There exists a great relation between sorting and data compression. You could sort the data file; record the sorted bytes with just their corresponding frequency counts; and somehow restore back the file to its original state. The problem with this idea is how to “unsort” the file. Thus, this is the goal of the programmer: to find a way to represent the sorting task into a minimum number of bits which, ideally, must be smaller than the original file size. When this happens, data compression is achieved. The bit encoding done in the sorting phase would then be needed to decompress the file to its exact original form.
This area has not been studied much, let us presume, that no algorithm has surfaced to solve this problem. Indeed, algorithms books only teach us how to sort an array of integers and never shown us how to unsort the array. Review now the basic sorting algorithms and study how you may “record” each sorting task in the fewest number of bits as possible. Could you use selection sort to achieve compression??? How about shellsort? Or quicksort?
Clearly, total sorting is hard to represent with a smaller number of bits than the original data source but a technique was disclosed that did not promise complete sorting but only a transformation of the source. The output of this transform is not smaller than the original data size; in fact, it is always actually larger in size (by only one integer to signal a block position). However, this transform can sort the file in such a way that the output is highly amenable for a more effective compression. Interestingly, the transform produces many redundant bytes in the output. When the transformation of the data source (usually a fixed-size data block) is finished, a suitable compression algorithm such as RLE, Huffman, or arithmetic coding is then used to compress the output.
This clever transform is called the Burrows-Wheeler Transform (BWT) named after its inventors, Michael Burrows and David Wheeler, who was the one who originally discovered the transform in 1983. They published an article about a data compression algorithm (BWCA) which introduced the transform in 1994, so the transform became known as BWT.
The BWT offered new paths to compression and is best known to be the first block-sorting transform that is reversible allowing data compression. The BZIP2 compression program (by Julian Seward) of the GNU file utilities uses the BWT to achieve better compression than traditional programs that compress files to a ZIP file format.

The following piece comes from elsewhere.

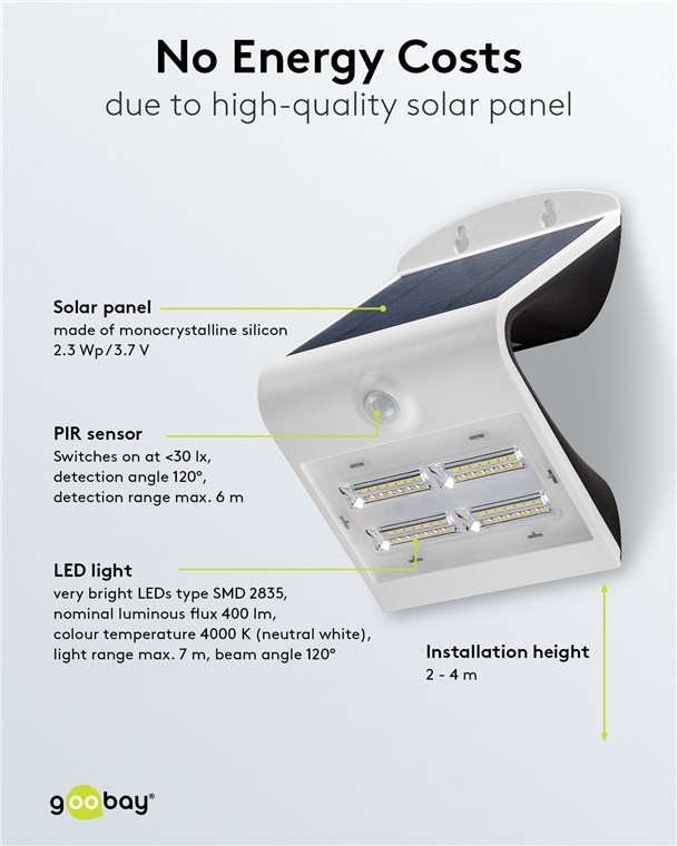 Goobay 77441 LED-Solar-Wandleuchte mit Bewegungsmelder, 4 W, weiß VPE Retail Box Mindestbestellmenge 1

How does BWT work? To answer that, let us consider the 15-byte data source string “COMPRESSIONCODE”. Figure 1 depicts this string as a block:
Figure 1. The Compression Data Array
The next task is to sort these strings, thereby creating a new sorted matrix (M'). After sorting the strings, the BWT then quickly emits as output the Last column of the sorted matrix. The sorted matrix is shown in Figure 3. We add a single column to show the row indices of the strings, and the First and Last columns are denoted in the figure by the “F” and “L” letters, respectively. In this data example, the Last column is the string “NEODRSOOCCIMPSE”.
Figure 3. The “Sorted” Matrix M'
When the Last column of bytes is transmitted, an “index” is also emitted to denote the original string’s position in the sorted matrix. The original string (“COMPRESSIONCODE”) can be found in row 1 (index = 1), so this value is also transmitted as output.
Amazingly, the Last column as well as the index of the original string are the only output codes of BWT. What is even more amazing is the fact that the Last column is now teeming with consecutive bytes, making it ideal for compression. For very large blocks of data, this last column will be replete with redundant (identical) bytes, hence transforming the original data array into a new string highly amenable for compression.
It is easy to understand the sorting process for the individual strings, but by just looking at the now scrambled Last column, it seems that it is impossible to recover the original string from this array. However, there is indeed a way to “unsort” the Last column given just the index of the original string.The index of the original string certainly refers to an individual byte in the last column, because as you know, the last column is the only data available to the decoder. This individual byte is the byte ‘E’, as found in index 1 of the Last Column. As you shall soon learn, given just this byte as the starting byte, we can recover the whole string completely. The logic of BWT decoding, it turns out, also involves a sorting algorithm.